Department of Ophthalmology, University of Washington, Seattle.
Moorfields Eye Hospital National Health Service Foundation Trust, London, United Kingdom.
JAMA Netw Open. 2019 Feb 1;2(2):e188029. doi: 10.1001/jamanetworkopen.2018.8029.
As currently used, microperimetry is a burdensome clinical testing modality for testing retinal sensitivity requiring long testing times and trained technicians.
To create a deep-learning network that could directly estimate function from structure de novo to provide an en face high-resolution map of estimated retinal sensitivity.
DESIGN, SETTING, AND PARTICIPANTS: A cross-sectional imaging study using data collected between January 1, 2016, and November 30, 2017, from the Natural History Observation and Registry of macular telangiectasia type 2 (MacTel) evaluated 38 participants with confirmed MacTel from 2 centers.
Mean absolute error of estimated compared with observed retinal sensitivity. Observed retinal sensitivity was obtained with fundus-controlled perimetry (microperimetry). Estimates of retinal sensitivity were made with deep-learning models that learned on superpositions of high-resolution optical coherence tomography (OCT) scans and microperimetry results. Those predictions were used to create high-density en face sensitivity maps of the macula. Training, validation, and test sets were segregated at the patient level.
A total of 2499 microperimetry sensitivities were mapped onto 1708 OCT B-scans from 63 eyes of 38 patients (mean [SD] age, 74.3 [9.7] years; 15 men [39.5%]).

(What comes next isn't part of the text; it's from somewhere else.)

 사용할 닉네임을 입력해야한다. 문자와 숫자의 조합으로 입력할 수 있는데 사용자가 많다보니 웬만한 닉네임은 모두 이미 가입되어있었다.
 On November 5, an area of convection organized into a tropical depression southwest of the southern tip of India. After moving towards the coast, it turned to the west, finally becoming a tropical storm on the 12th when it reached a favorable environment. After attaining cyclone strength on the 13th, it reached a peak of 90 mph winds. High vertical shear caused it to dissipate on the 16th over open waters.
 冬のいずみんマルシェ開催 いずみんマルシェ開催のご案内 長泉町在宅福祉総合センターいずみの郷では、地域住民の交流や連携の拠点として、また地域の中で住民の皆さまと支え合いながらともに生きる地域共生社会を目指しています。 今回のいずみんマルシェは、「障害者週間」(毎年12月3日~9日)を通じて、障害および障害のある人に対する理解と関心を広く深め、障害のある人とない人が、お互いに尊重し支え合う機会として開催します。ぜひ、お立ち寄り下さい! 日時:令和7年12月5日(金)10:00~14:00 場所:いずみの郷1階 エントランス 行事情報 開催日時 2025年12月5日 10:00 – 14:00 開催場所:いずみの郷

The numbers of examples for our algorithm were 67 899 (103 053 after data augmentation) for training, 1695 for validation, and 1212 for testing. Mean absolute error results were 4.51 dB (95% CI, 4.36-4.65 dB) when using linear regression and 3.66 dB (95% CI, 3.53-3.78 dB) when using the LeNet model. Using a 49.9 million-variable deep-learning model, a mean absolute error of 3.36 dB (95% CI, 3.25-3.48 dB) of retinal sensitivity for validation and test was achieved. Correlation showed a high degree of agreement (Pearson correlation r = 0.78). By paired Wilcoxon rank sum test, our model significantly outperformed these 2 baseline models (P < .001).

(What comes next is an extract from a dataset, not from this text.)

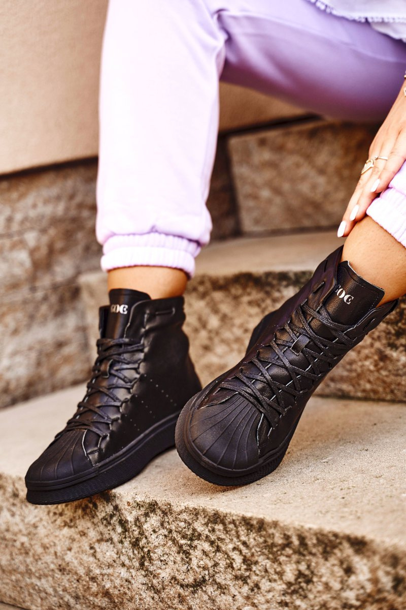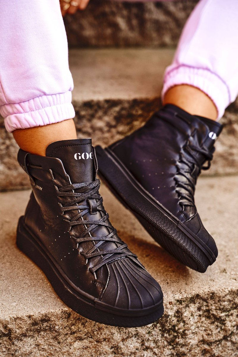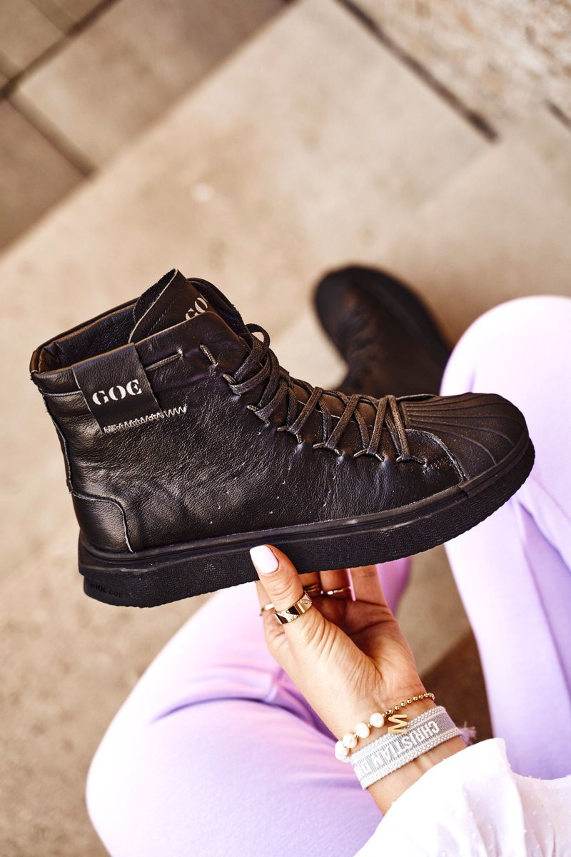 Damskie Sportowe Skórzane Obuwie GOE Czarne GG2N3050

High-resolution en face maps of estimated retinal sensitivities were created in eyes with MacTel. The maps were of unequalled resolution compared with microperimetry and were able to correctly delineate functionally healthy and impaired retina. This model may be useful to monitor structural and functional disease progression and has potential as an objective surrogate outcome measure in investigational trials.
目前,微视野检查是一种繁琐的临床测试方法,用于测试视网膜敏感度,需要长时间的测试和训练有素的技术人员。
创建一个深度学习网络,可以直接从结构中估计功能,提供估计的视网膜敏感度的高分辨率面图。
设计、设置和参与者:一项横断面成像研究使用了 2016 年 1 月 1 日至 2017 年 11 月 30 日期间收集的数据,评估了来自 2 个中心的 38 名确诊为 MacTel 的参与者,这些参与者的数据来自自然史观察和 2 型黄斑毛细血管扩张症(MacTel)的登记处。
与观察到的视网膜敏感度相比,估计的平均绝对误差。观察到的视网膜敏感度是通过眼底控制的视野检查(微视野检查)获得的。通过深度学习模型对高分辨率光学相干断层扫描(OCT)扫描和微视野检查结果的叠加进行估计。这些预测被用于创建黄斑的高密度面图敏感性地图。在患者水平上分离了训练、验证和测试集。
共将 2499 个微视野敏感度映射到来自 38 名患者 63 只眼的 1708 个 OCT B 扫描(平均[SD]年龄,74.3[9.7]岁;15 名男性[39.5%])。我们算法的示例数量为 67899 个(数据扩充后为 103053 个)用于训练,1695 个用于验证,1212 个用于测试。使用线性回归的平均绝对误差结果为 4.51dB(95%置信区间,4.36-4.65dB),使用 LeNet 模型的平均绝对误差为 3.66dB(95%置信区间,3.53-3.78dB)。使用 4990 万个变量的深度学习模型,在验证和测试中实现了 3.36dB(95%置信区间,3.25-3.48dB)的视网膜敏感度的平均绝对误差。相关性显示出高度的一致性(Pearson 相关 r=0.78)。通过配对 Wilcoxon 秩和检验,我们的模型明显优于这两个基线模型(P<0.001)。
在患有 MacTel 的眼睛中创建了估计的视网膜敏感度的高分辨率面图。与微视野检查相比,这些地图具有无与伦比的分辨率,并且能够正确描绘功能正常和受损的视网膜。该模型可能有助于监测结构和功能疾病的进展,并有可能成为研究试验中的客观替代终点测量指标。